Consider the MIG routine task_swap_mach_voucher():

routine task_swap_mach_voucher(
		task		: task_t;
		new_voucher	: ipc_voucher_t;
	inout	old_voucher	: ipc_voucher_t);

Here's the (placeholder) implementation:

kern_return_t
task_swap_mach_voucher(
	task_t			task,
	ipc_voucher_t		new_voucher,
	ipc_voucher_t		*in_out_old_voucher)
{
	if (TASK_NULL == task)
		return KERN_INVALID_TASK;

	*in_out_old_voucher = new_voucher;
	return KERN_SUCCESS;
}

The correctness of this implementation depends on exactly how MIG ownership semantics are defined for each of these parameters.
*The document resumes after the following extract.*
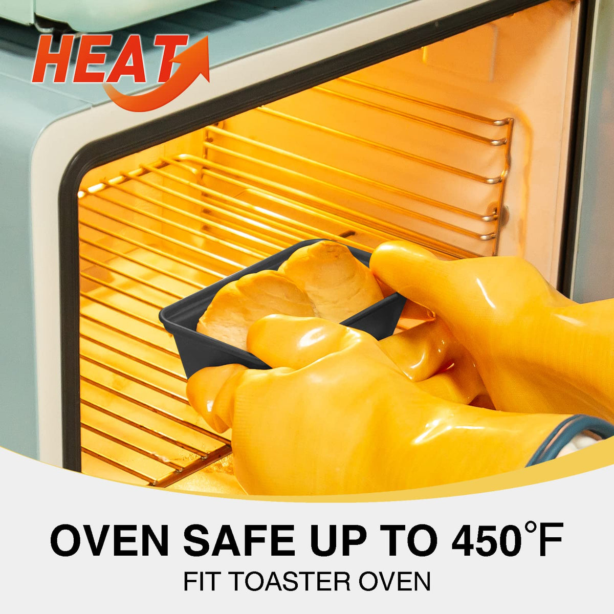 • Q: What is the heat resistance of the HONGBAKE Mini Loaf Pan? A: The HONGBAKE Mini Loaf Pan is heat resistant up to 450 degrees Fahrenheit.

When dealing with Mach ports and out-of-line memory, ownership follows the traditional rules (the ones violated by the bugs above):

  1. All Mach ports (except the first) passed as input parameters are owned by the service routine if and only if the service routine returns success. If the service routine returns failure then MIG will deallocate the ports.

  2. All out-of-line memory regions passed as input parameters are owned by the service routine if and only if the service routine returns success. If the service routine returns failure then MIG will deallocate all out-of-line memory.

But this is only part of the picture. There are more rules for other types of objects:

  1. All objects with defined MIG translations that are passed as input-only parameters are borrowed by the service routine. For reference-counted objects, this means that the service routine is not given a reference, and hence a reference must be added if the service routine intends to keep the object around.

  2. All objects with defined MIG translations that are returned in output parameters must be owned by the output parameter. For reference-counted objects, this means that output parameters consume a reference on the object.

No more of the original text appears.